Nov 25, 2024
BitsLab's Sub-brand TonBit Discovers Critical Vulnerability in TON VM Root Cause and Mitigation Explained
The TON network’s virtual machine (VM) recently underwent a significant security upgrade. The security team at TonBit, a subsidiary of BitsLab, successfully identified and helped resolve a critical vulnerability that could have led to resource exhaustion in the TON VM. The vulnerability exploited the recursive mechanism used by the VM when handling Continuation nesting, which could be abused by malicious smart contracts to cause system crashes and network instability.
If exploited, this vulnerability could have enabled attackers to disrupt all validator nodes for the cost of less than 1 TON token, posing a direct threat to the network’s availability. Leveraging its exceptional technical expertise, TonBit swiftly identified the issue and highlighted the risks associated with the recursive mechanism in TON’s virtual machine. This discovery prompted the TON team to implement an innovative solution, replacing the recursive control flow with an iterative approach.
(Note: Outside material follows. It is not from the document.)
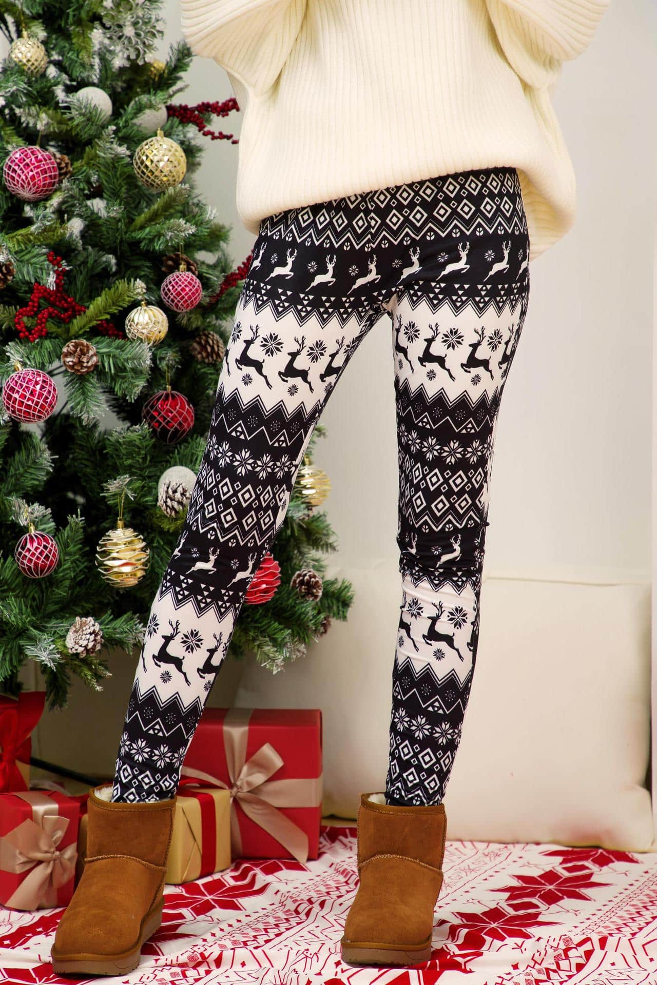 Leggings Noir et Blanc de noël imprimé pour femmes

This adjustment effectively fixed the vulnerability and enhanced the security of the TON ecosystem.
In its latest update announcement, the TON core team extended special thanks to TonBit for its outstanding contributions to the ecosystem’s security.
This detailed security report will delve into the root cause, technical specifics, and resolution of this vulnerability. The report provides an in-depth analysis of how the vulnerability leveraged deep nesting in Continuations to construct a recursive chain that triggered resource exhaustion attacks. It also explains how malicious smart contracts could exploit this mechanism to increase the call stack depth and exhaust the host’s stack space.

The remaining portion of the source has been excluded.